Purchasing a home is such a large part of the American dream that nearly everyone aspires to achieve the goal of becoming a homeowner. Buying your first home is a big deal, and a decision that will impact the rest of your life – not to mention your pocketbook. When done the right way, homeownership can be both a great financial and emotional decision. However, if you are not adequately prepared, the financial stress of owning a home can make you feel as if you are on a rapidly sinking ship.
The good news is that by carefully researching and considering your circumstance you can determine whether the timing is right for you to become a homeowner. So, before setting sail on the homeownership voyage ask yourself these questions to know how to figure out what house you can afford.
1. Is My Financial House in Order?
Before even considering purchasing a home you must take an honest look at your debt. If you are like millions of other Americans it’s likely that you have racked up thousands of dollars in student and automobile loans and your share of the trillion dollars of American credit card debt. If you are suffocating with multiple debt payments, or even just have one large debt that is difficult to pay off, this is not the right time to take on a home loan. You won’t want to add a mortgage and all the other expenses that come with homeownership (taxes, insurance, HOA fees, costs of snow removal and landscaping, repairs, etc.). Be patient and attack your debt before considering this next large and expensive step. You can restructure your debt for an accelerated payoff by using our credit card debt payoff calculator.
2. Do I Have an Emergency Savings?
Financial experts recommend an emergency savings of at least 3-6 months of income stashed away for any unforeseen event. This fund could prove more important than ever once you become a homeowner. Being a homeowner brings with it responsibilities that do not come with renting, along with the probability of unexpected and expensive repairs. Financially planning for repairs to your air-conditioner, a faulty furnace, a leaky roof, along with a host of other unforeseen expenses with an emergency savings will keep you able to meet your monthly obligations while keeping your budget in check. Have a well-established emergency savings before buying a home. Our emergency fund calculator can help you determine how much you need to set aside for an emergency.
3. Do I Have Enough Saved for a Down Payment and Closing Costs?
In addition to an emergency savings, you will also need to set aside as much money as you can for a down payment. While there are many loans with low down payment options, 20% down can earn you a lower interest rate, keep you from paying PMI (private mortgage insurance) and ensure more equity from the start. If you can only afford a low down payment option of 3%-5%, you might want to consider saving up money and postponing purchasing a home for when you are more financially stable.

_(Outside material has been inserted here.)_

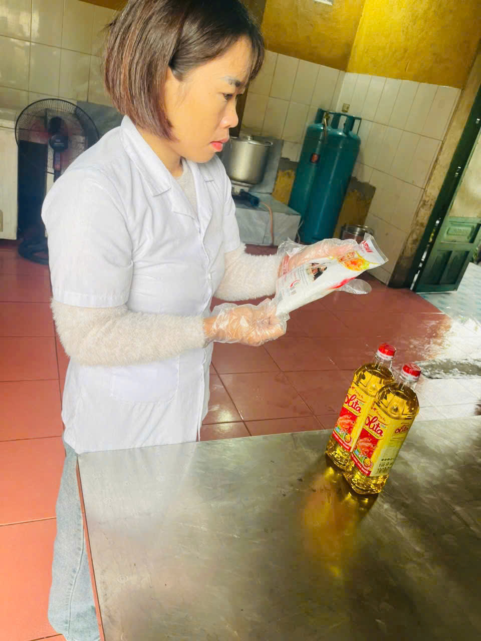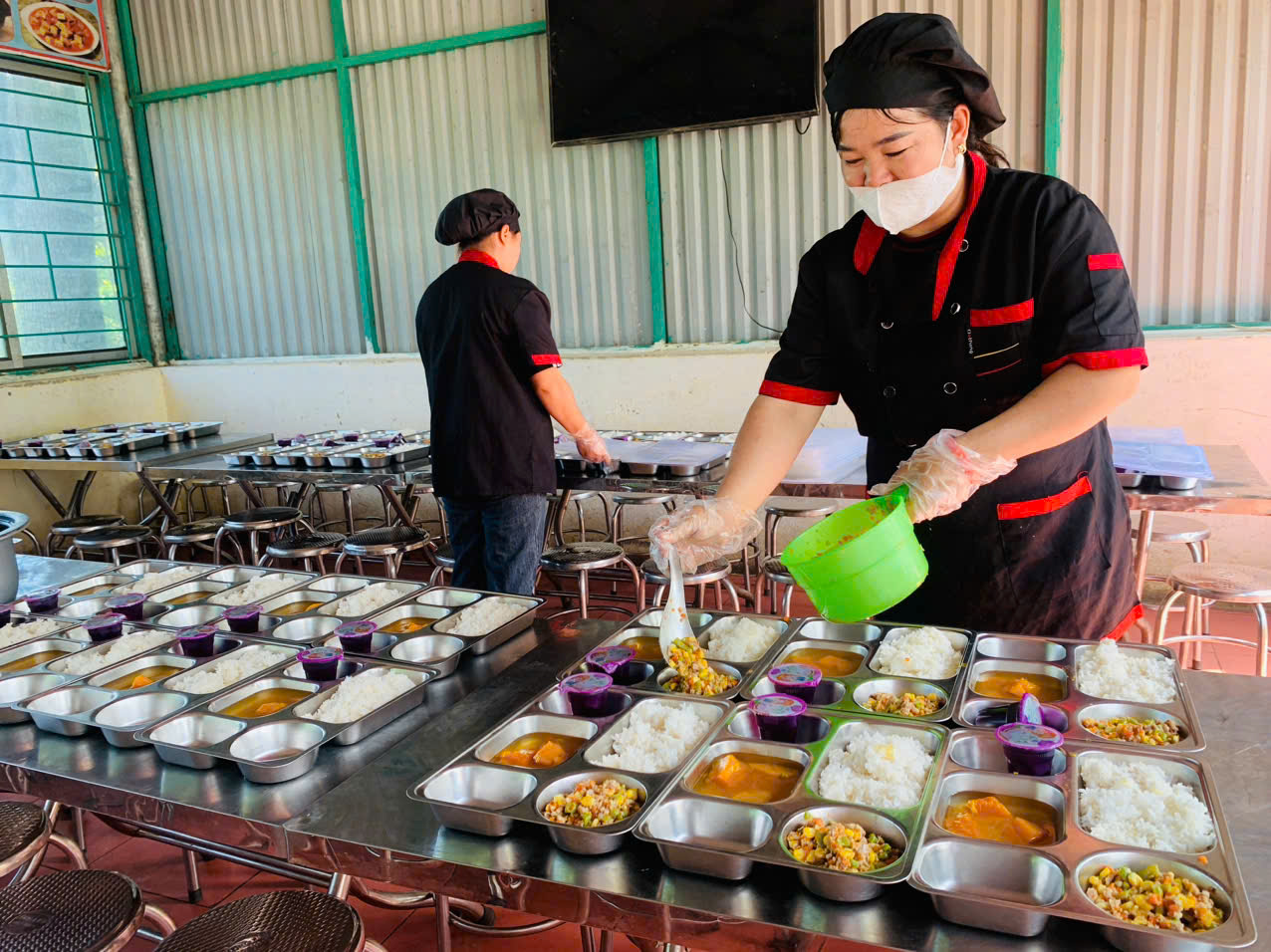 Hình ảnh: Chia suất ăn cho học sinh đúng quy trình, đảm bảo vệ sinh an toàn thực phẩm.
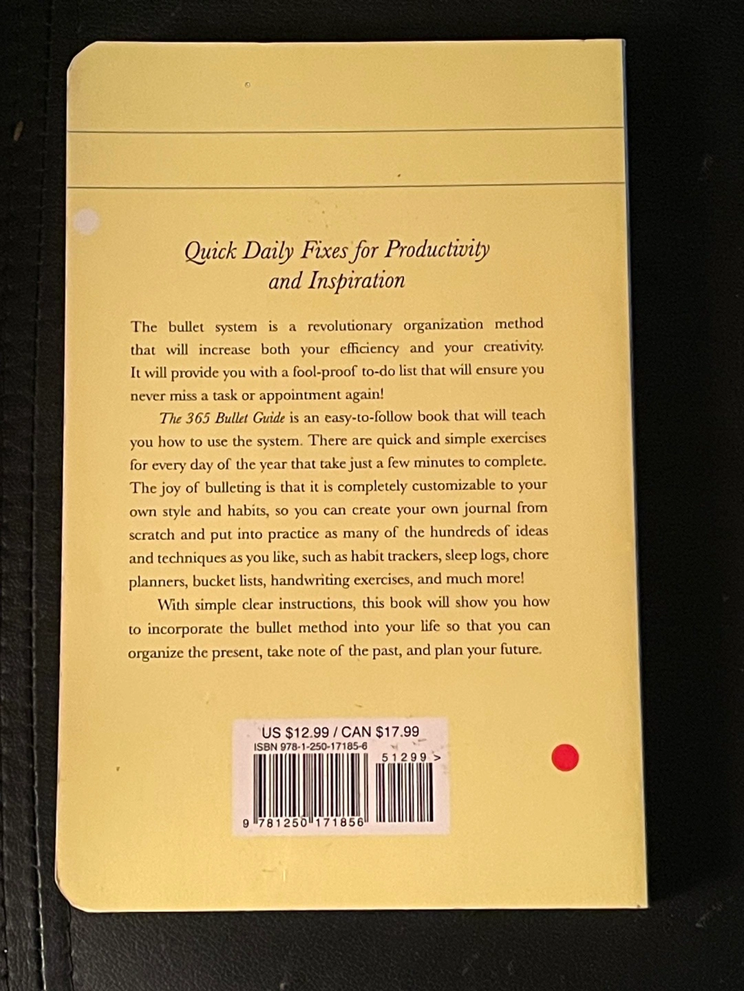 Organize your life creatively, one day at a time. Quick daily fixes for productivity and inspiration. Brand new condition except for a crease on top corner of cover. Pages are clean and unused.

In addition to the down payment, you will also need to save for the closing costs. Keep in mind that home buyers need to pay between 2%-5% of the purchase price of their home in closing costs. This can add up quickly when you consider fees for a $150,000 home could be as high as $7,500. Combining the down payment with the estimated closing costs, will give you a good idea of the cash you need to come up with to purchase a home.
4. Have I Run the Numbers?
Knowing if you are financially ready to be a homeowner is all in the numbers. A few numbers to remember are 28%, 32% and 40%. When considering how much house you can afford, it is wise not to go over the 28% rule – meaning your mortgage payments should not exceed 28% of your total monthly gross income. This number needs to include, principal and interest payment, real estate taxes, mortgage insurance (if applicable), and homeowners insurance. Try using a home mortgage calculator to get a ballpark idea of whether you are ready financially to be a homeowner.
Since there are a variety of costs associated with being a homeowner, it is wise to not exceed 32% of your gross monthly income going toward your housing costs. If you follow the 28% rule, you can allocate about 4% of your income going towards home repair or other associated housing costs.
Another percentage to keep in mind is 40%. Experts agree that your total monthly debts, including your mortgage, should not exceed 40% of your gross monthly income. In fact, banks will look at your income to debt ratio and decide if you are a good candidate for lending. The lower this percentage is the better shape you will be in for lending purposes, and for your own financial stability.
5. Am I Ready to Put Down Some Roots?
Life is full of surprises and change is always something that you can expect, but if you want to purchase a home, you also need to be ready to stay put for a while. Buying a home can be expensive, and coming up with a down payment, closing fees, and moving costs can prove to be a prudent financial investment if you plan on staying in your home for at least five years. Building equity takes time, and it will take several years to recoup all the money you have put into home, which is likely to prove to be one of your largest investment. If you decide to buy a home, make sure you take the steps needed to purchase a home in a community you want to live in so that you are not tempted to move prematurely.
Purchasing a home is not just a financial decision, it is an emotional one as well. Asking yourself these important questions and doing what it takes to plan for such a large purchase will prepare you to set sail on your home buying voyage.
What are some ways that you financially prepared to purchase your first home?